* _What is being asked_
Please transcribe exactly the lines from the line holding "据Mysteel农产品数据显" through the end of the data below, and skip any pictures.

(Records from a collection)
Segment Open

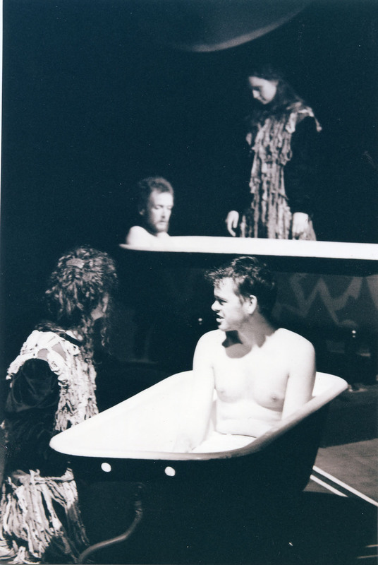 Black-and-white photograph of Carmel Flanaghan and Senan Dunne in Pan Pan Theatre Company's The Crystal Spider
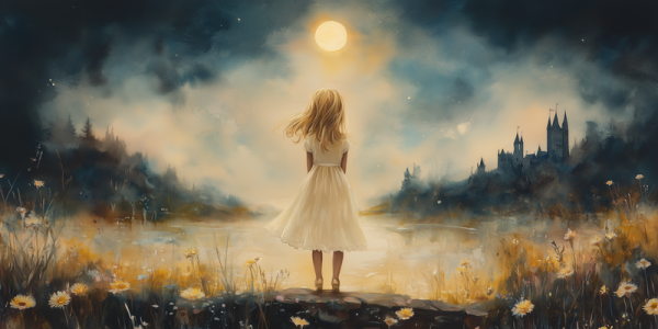 Magisch Maanlicht: Meisje in Bloemenveld bij Kasteel
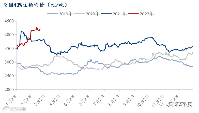 据Mysteel农产品数据显示,截至2月17日,全国43%豆粕现货均价为4214元/吨,年内累计上涨669元/吨,涨幅18.87%。折算至饲料中,每吨饲料成本增加114-134元。
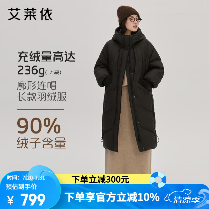 旗舰店艾莱依(ERAL)羽绒服女士温暖连帽长款羽绒服女设计感旷野美拉德风 炭黑 M 160【建议120-140斤】
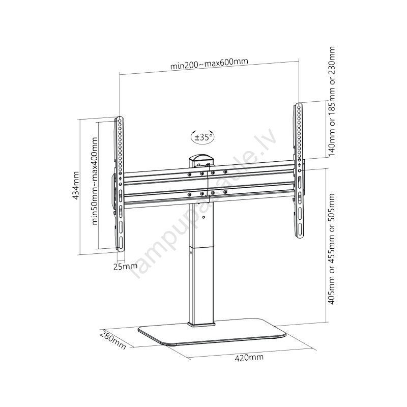 • Ar 75° pagriešanās iespēju (+35° līdz -35°) varat precīzi pagriezt televizoru atbilstoši savām vajadzībām.

Segment Closed

* _Result for this exercise_
 据Mysteel农产品数据显示,截至2月17日,全国43%豆粕现货均价为4214元/吨,年内累计上涨669元/吨,涨幅18.87%。折算至饲料中,每吨饲料成本增加114-134元。
 旗舰店艾莱依(ERAL)羽绒服女士温暖连帽长款羽绒服女设计感旷野美拉德风 炭黑 M 160【建议120-140斤】
 • Ar 75° pagriešanās iespēju (+35° līdz -35°) varat precīzi pagriezt televizoru atbilstoši savām vajadzībām.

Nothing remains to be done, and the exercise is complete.